Data wrangling exercises
Summary
Two sample Jupyter notebooks, released on November 2, 2025, demonstrate practical data wrangling techniques for transforming messy, real-world datasets into clean, usable formats. These notebooks address two distinct data sources: JSON output from the Singapore Department of Statistics (SingStat) Table Builder Developer API and a raw CSV file hosted on GitHub. The examples specifically focus on data related to Singaporean university graduates by course type and sex. The provided resources illustrate essential data cleaning and transformation steps, culminating in a cleaned dataframe ready for visualization, with chart creation code available in the first notebook.
Key takeaway
For Data Scientists or AI Students learning data preparation, you should explore these Jupyter notebooks to gain practical experience with real-world data challenges.
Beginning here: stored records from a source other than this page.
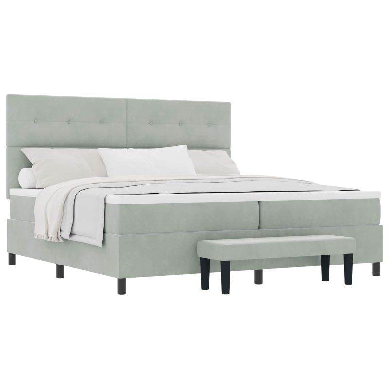 Легло с пружинирана основа Светлосиво 200 x 200 cm Кадифе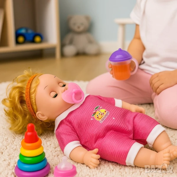 Височина: 25 см;Звукови ефекти: мама, папа, плач, смях;Движещи се очи: отварят се и се затварят при движение;Материал: пластмаса и текстил;Работи на батерии (не са включени);Варианти: Розово, сиво;Гаранция: 12 месеца.Доставка с Еконт до 4 работни дни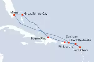 Estados Unidos, Bahamas, República Dominicana, Puerto Rico, Paises Bajos, Antigua y Barbuda, Reino Unido Itinerario: Miami , Charlotte Amalie , Saint John's , Philipsburg , San Juan , Puerto Plata , Great Stirrup Cay , Miami Comidas incluidas Oceania Marina 11 días Camarote estándar Miami 13/02/2027 desde US$3234 EL PRECIO NO INCLUYE LA PERCEPCIÓN DEL 30% DE AFIP - RG 5463 TARIFA NO REEMBOLSABLE Comidas incluidas Ver las ofertas

Engaging with diverse data formats like JSON API output and raw CSVs, as demonstrated, will solidify your understanding of essential cleaning and transformation steps, directly improving your ability to derive insights from complex datasets.
Key insights
Hands-on practice with diverse, messy datasets is crucial for mastering data wrangling skills.
Principles
- Real-world data requires cleaning
- Different formats need tailored transformations
Method
The method involves parsing JSON API output and transforming raw CSV files to produce cleaned dataframes suitable for analysis and visualization, exemplified with Singaporean university graduate data.
In practice
- Process JSON from APIs
- Clean raw CSV files
- Prepare data for plotting
Topics
- Data Wrangling
- Data Cleaning
- Jupyter Notebooks
- JSON Data Processing
- CSV Data Processing
Code references
Best for: Data Scientist, Data Engineer, AI Student
Related on AIssential
Editorial summary, takeaway, and curation by AIssential. Original article published by datadoubleconfirm.